Problem statement =>
Pictures excluded, reproduce exactly the lines below from the one with "Amon Amarth at Rock am Ring 2013" through the one with "This seal depicts", both included.

*** Opening Exercise inputs ***

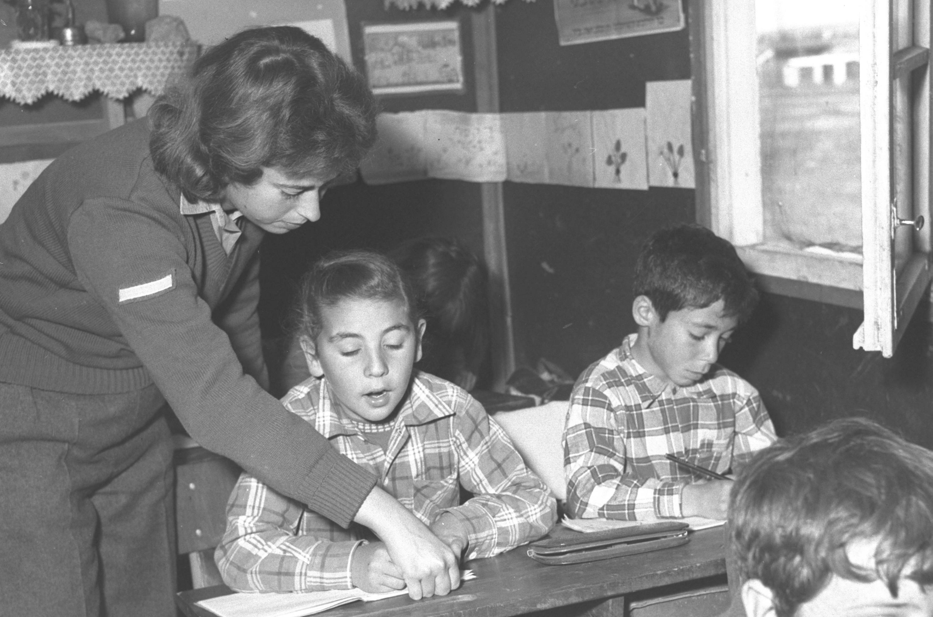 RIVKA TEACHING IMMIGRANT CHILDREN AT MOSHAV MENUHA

*** Closing Exercise inputs ***
*** Opening Exercise inputs ***

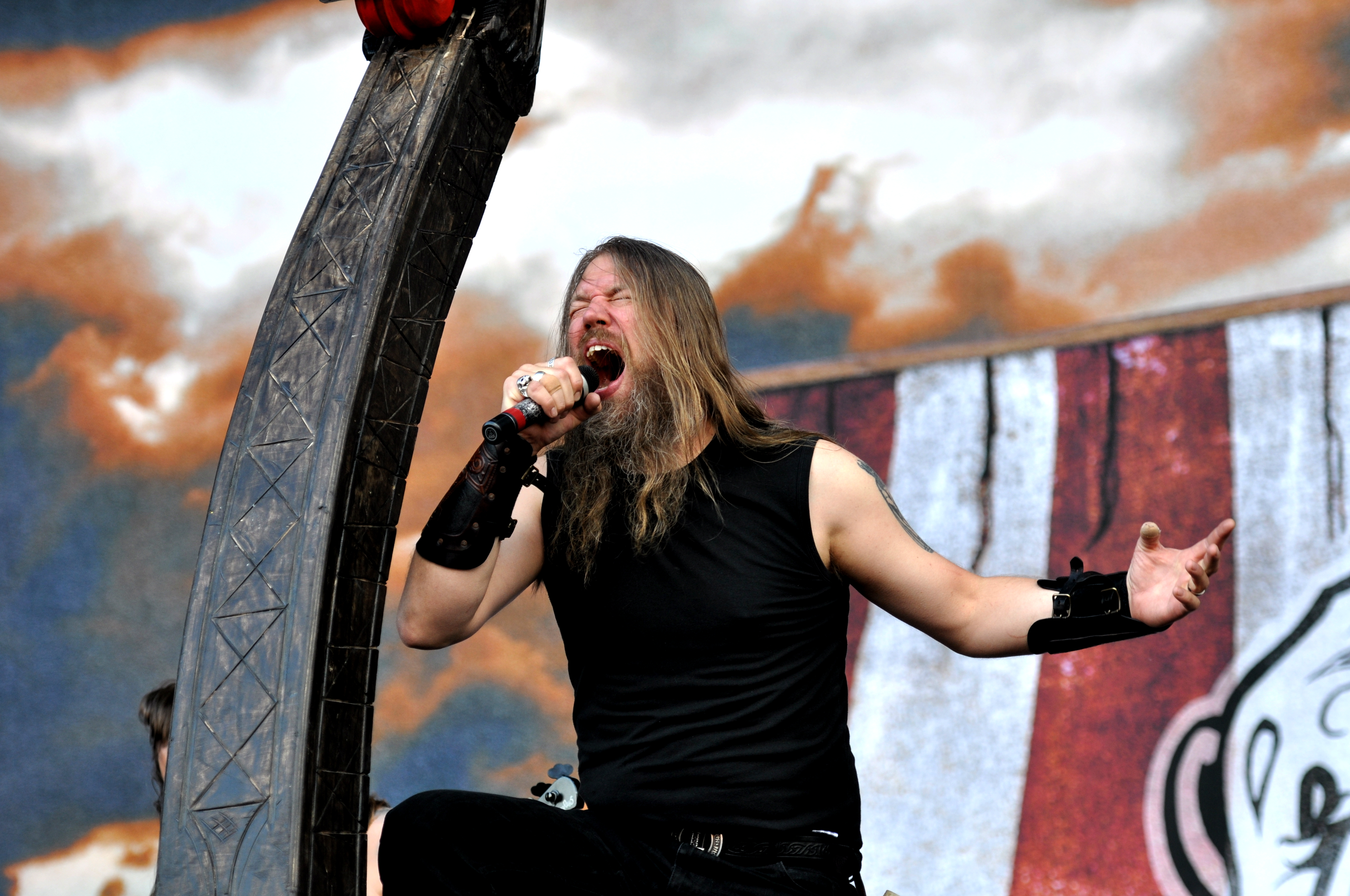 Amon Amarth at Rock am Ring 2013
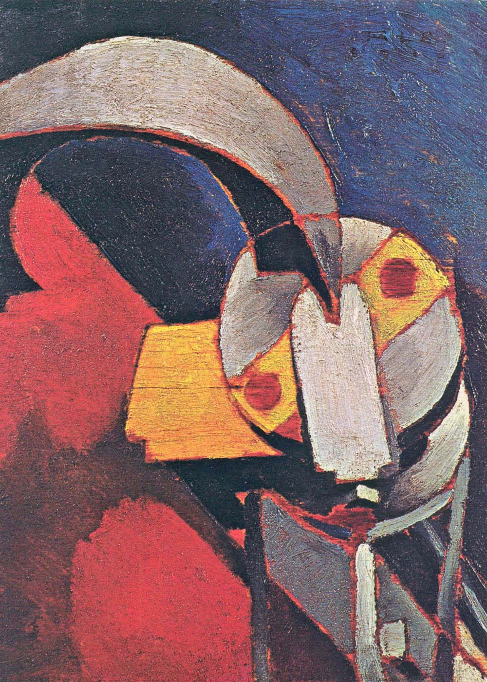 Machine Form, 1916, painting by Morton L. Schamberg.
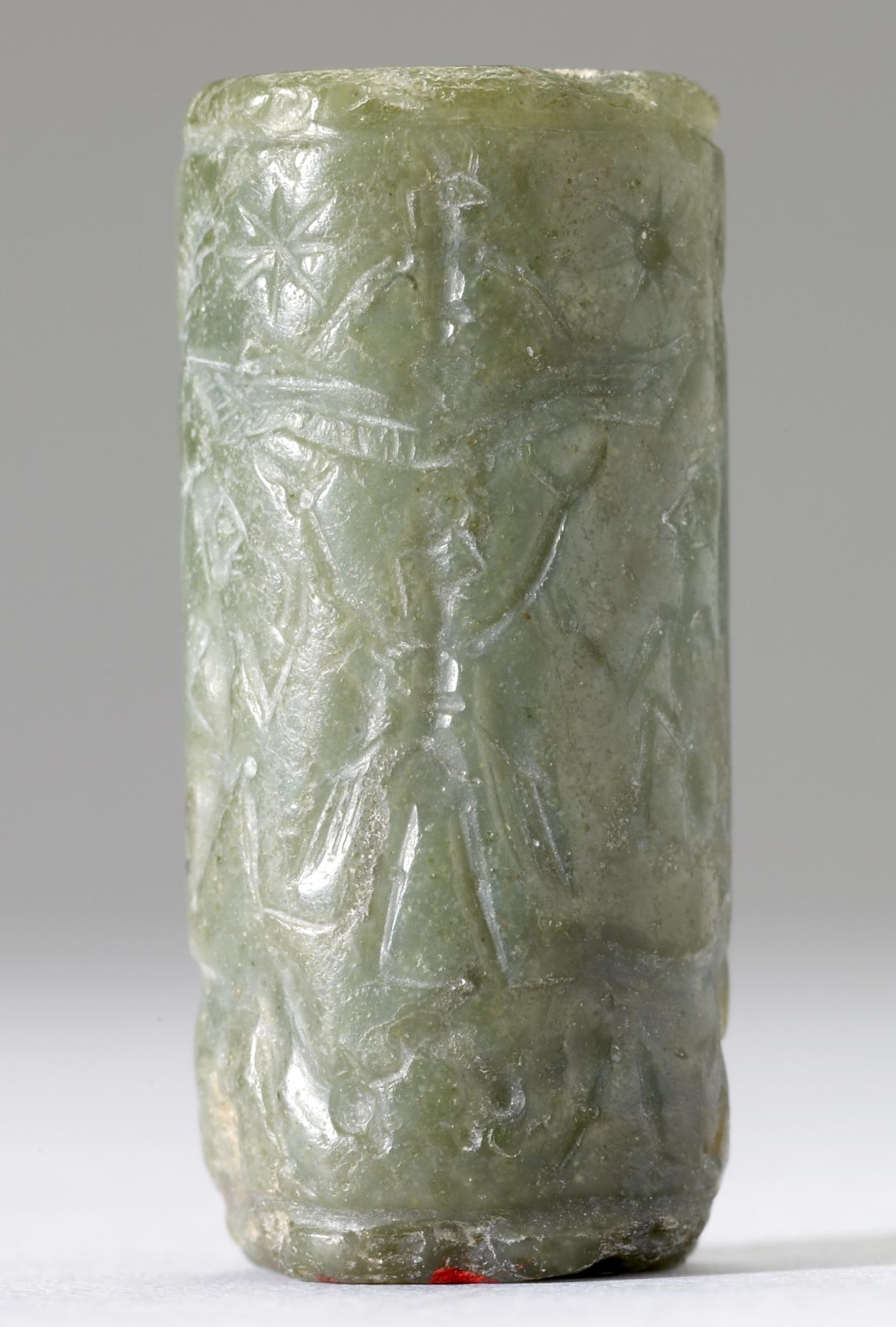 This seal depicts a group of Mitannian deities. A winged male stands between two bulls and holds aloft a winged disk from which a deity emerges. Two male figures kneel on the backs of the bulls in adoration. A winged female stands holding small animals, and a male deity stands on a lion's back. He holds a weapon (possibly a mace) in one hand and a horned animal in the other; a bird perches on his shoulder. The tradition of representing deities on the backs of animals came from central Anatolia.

*** Closing Exercise inputs ***

Expected output =>
 Amon Amarth at Rock am Ring 2013
 Machine Form, 1916, painting by Morton L. Schamberg.
 This seal depicts a group of Mitannian deities. A winged male stands between two bulls and holds aloft a winged disk from which a deity emerges. Two male figures kneel on the backs of the bulls in adoration. A winged female stands holding small animals, and a male deity stands on a lion's back. He holds a weapon (possibly a mace) in one hand and a horned animal in the other; a bird perches on his shoulder. The tradition of representing deities on the backs of animals came from central Anatolia.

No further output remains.